The results showed 100 % union rate which is higher than nail exchange (53–96 %) and same as Parker’s (100 %) and Martinez’s (100 %) study and higher than Murray’s (94.1 %). Despite some of the patients undergoing several surgeries before our revision we still have 100 % union rate that proves the effectiveness of double locking plate. We have the longest 60-month follow-up, and the SF-36 scores showed that the patients got an improved functional status and were satisfied with therapeutic effect. We have the highest score in physical function which means that the patient could recover from disease and get back to life. The average score is about 92 that can prove this technique can meet the patients’ needs and have a satisfactory outcome. The average union time was 5.3 months (range, 4–7), shorter than 7.2 months plate augmentation [8] longer than the exchange nail 29.75 weeks [19].

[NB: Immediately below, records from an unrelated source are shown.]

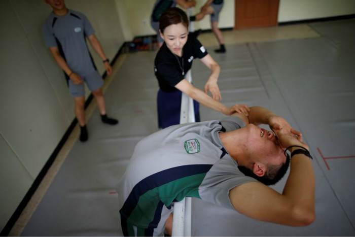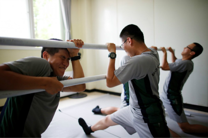授课老师来自韩国国家芭蕾舞团,每周造访一次这个军营。她会训练这些士兵的柔韧性,尽管一次下蹲就让他们感到痛苦不已。↓
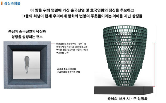 ÃæÈ¥Å¾Àº 1õ¿© °³ÀÇ Á¤»ç°¢Çü ºí·ÏÀ» ½×¾Æ 10m ³ôÀÌÀÇ °Å´ëÇÑ Åä±âÇüÅ·ΠÁ¦À۵Ǹç, °¢°¢ÀÇ ºí·Ï¿¡´Â ºÎ¿© ¼Û±¹¸®¿¡¼ ÃâÅäµÈ ûµ¿°Ë ÇüÅÂÀÇ Ç³°æÀ» ¸Å´Þ¾Æ ¾Ö±¹Á¤½ÅÀÇ ¿¬¼Ó¼ºÀ» Ç¥ÇöÇÑ´Ù.
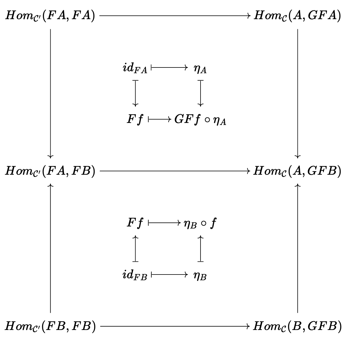 다시 말해, 임의의 object $A\in\mathcal{C}$, $B\in\mathcal{C}'$에 대하여, 아래의 natural bijection이 성립한다는 뜻이다.
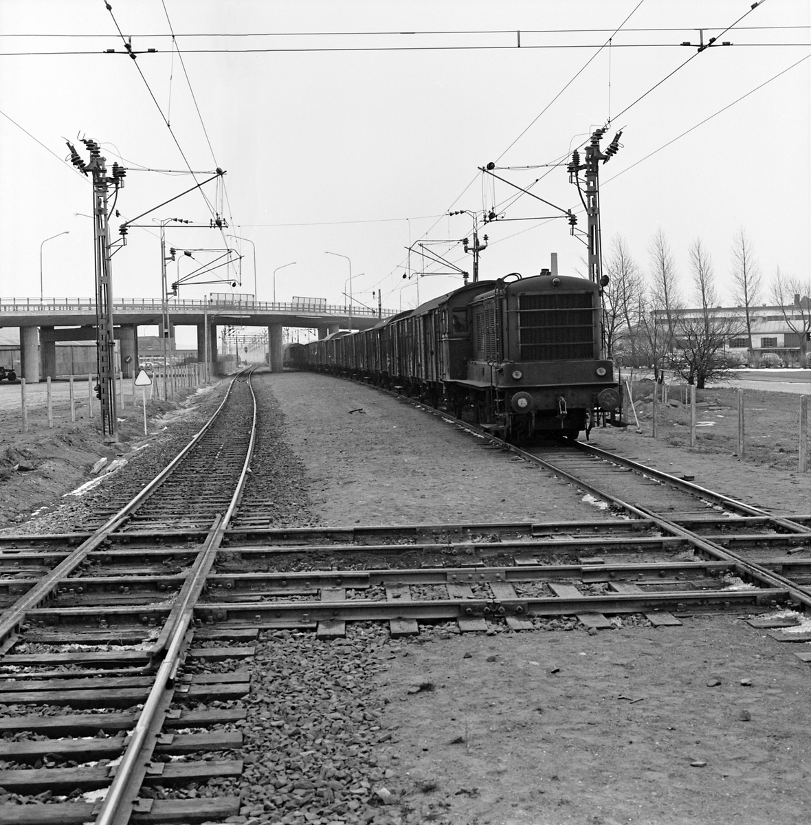 Spårvägen korsar järnvägen. Statens Järnvägar diesllok SJ V3 med godståg.
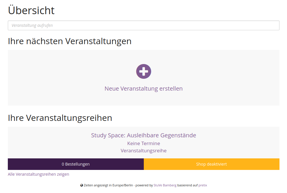 - andernfalls auf der Startseite "Neue Veranstaltung erstellen" auswählen:

The choice of bone grafting application is also an important consideration (i.e., onlay, dual onlay, cancellous inserts) [4042]. In this study, we used 360° completely surrounding fracture site autogenous bone grafting, as its consistency allows us to manipulate it into the fracture site effectively. This can supply sufficient bone matrix, marrow cells, and relative cytokines to promote osteoblast proliferation (Fig. 3).

Fig. 3
figure 3

Case 1. a Femoral shaft nonunion with plate fixation at 9 months. b 12 months after double locking plate revision showed bone union

We considered that this technique can be well applied to femur nonunion, especially nonunion with medial defect or comminuted fragments. The contraindication of this technique we consider is bad soft tissue, infection, massive bone defect (more than 5 cm). The advantages include absolute stability for biomechanics and better blood supply and condition for osteoanagenesis and early functional exercise. The disadvantages are that there may be stress force shelter reaction in fixed bone segment. It needs more time to get the entire bone remodeling (Fig. 4).

Fig. 4
figure 4

Case 2. a Femoral shaft nonunion with intramedullary nail fixation at 9 month. b 12 month after double locking plate revision showed bone union

There are some limitations to this study. It is a retrospective descriptive study, and with this, the ability to fully evaluate all forms and causes of nonunions are limited. Furthermore, locking implants are costly, and one can argue that nonlocking plates can work sufficiently in double-plate orientation. However, we felt that the use of locking plates is warranted, especially in nonunions with a significant fracture gap, as they are more resistant to deformation and failure. This may permit the patient to ambulate sooner, which can provide much needed stimulation for bone growth and proliferation.

Because of the low complication rates and the high union rates, we feel that dual locking plating with autogenous bone graft is a successful another technique for treating femoral shaft nonunions (particularly in those with significant bone gaps). The stability of our fixation construct can allow the patient to proceed with ambulation and functional activities sooner with good results.